**Exercise data:**
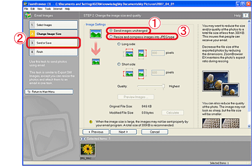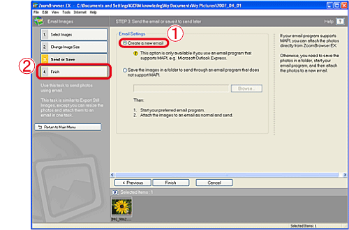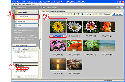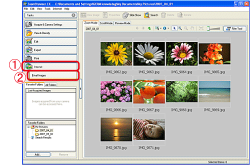 使用電郵傳送下載的影像至「ZoomBrowser EX」
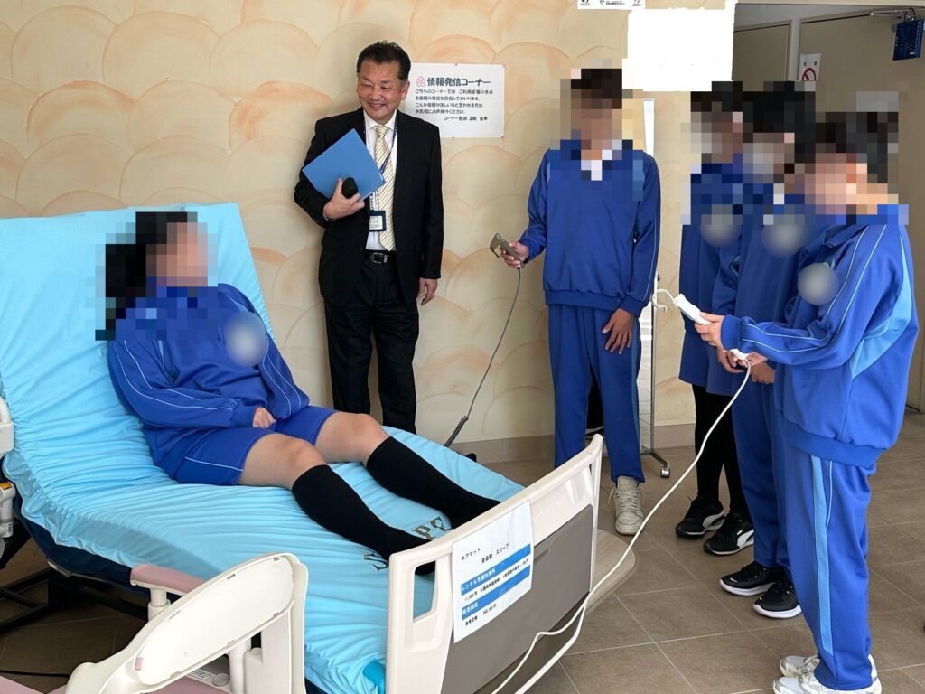 ストーマの歴史、福祉用具の紹介から吸引器、酸素濃縮器、パルスオキシメーター、電動アシスト付き歩行器、電動ベッド+エアーマットの実機を用いての体験学習をしました。真剣に取り組む生徒たちの姿に社員一同、活力をいただきました。
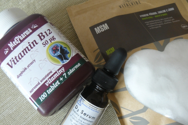 A jak to tedy dělám já? Už jsem v textu zmínila, že pravidelně suplementuju vitamín B12. Přes zimu jsem začala užívat vitamín D3, ve kterém prozatím pokračuju, ale hned jak bude venku na krátký rukáv, schovám ho asi do šuplíku a vytáhnu zase až v zimě. Posledním doplňkem v mém denním repertoáru je přírodní MSM prášek (organická forma síry), který užívám především pro podporu tvorby kolagenu, elastinu, keratinu a chrupavek. Ne nadarmo se mu říká minerál krásy a tak mám díky němu navíc jako bonus pevnější, hustší a lesklejší vlasy i nehty. A taky rostou jako z vody. :) Ostatní látky si zvládám dodávat ve stravě. A co doplňujete vy? Budu moc ráda, když mě doplníte!
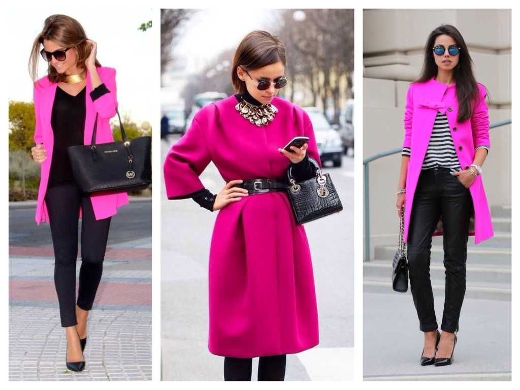 Бежевый плащ, накинутый на платье оттенка фуксия, сделает образ менее дерзким. Также можно классическое пальто цвета карамели дополнить броским аксессуаром.

**Work to complete:**
Reproduce the whole listing verbatim and keep all pictures out of it.

**Written solution:**
 使用電郵傳送下載的影像至「ZoomBrowser EX」
 ストーマの歴史、福祉用具の紹介から吸引器、酸素濃縮器、パルスオキシメーター、電動アシスト付き歩行器、電動ベッド+エアーマットの実機を用いての体験学習をしました。真剣に取り組む生徒たちの姿に社員一同、活力をいただきました。
 A jak to tedy dělám já? Už jsem v textu zmínila, že pravidelně suplementuju vitamín B12. Přes zimu jsem začala užívat vitamín D3, ve kterém prozatím pokračuju, ale hned jak bude venku na krátký rukáv, schovám ho asi do šuplíku a vytáhnu zase až v zimě. Posledním doplňkem v mém denním repertoáru je přírodní MSM prášek (organická forma síry), který užívám především pro podporu tvorby kolagenu, elastinu, keratinu a chrupavek. Ne nadarmo se mu říká minerál krásy a tak mám díky němu navíc jako bonus pevnější, hustší a lesklejší vlasy i nehty. A taky rostou jako z vody. :) Ostatní látky si zvládám dodávat ve stravě. A co doplňujete vy? Budu moc ráda, když mě doplníte!
 Бежевый плащ, накинутый на платье оттенка фуксия, сделает образ менее дерзким. Также можно классическое пальто цвета карамели дополнить броским аксессуаром.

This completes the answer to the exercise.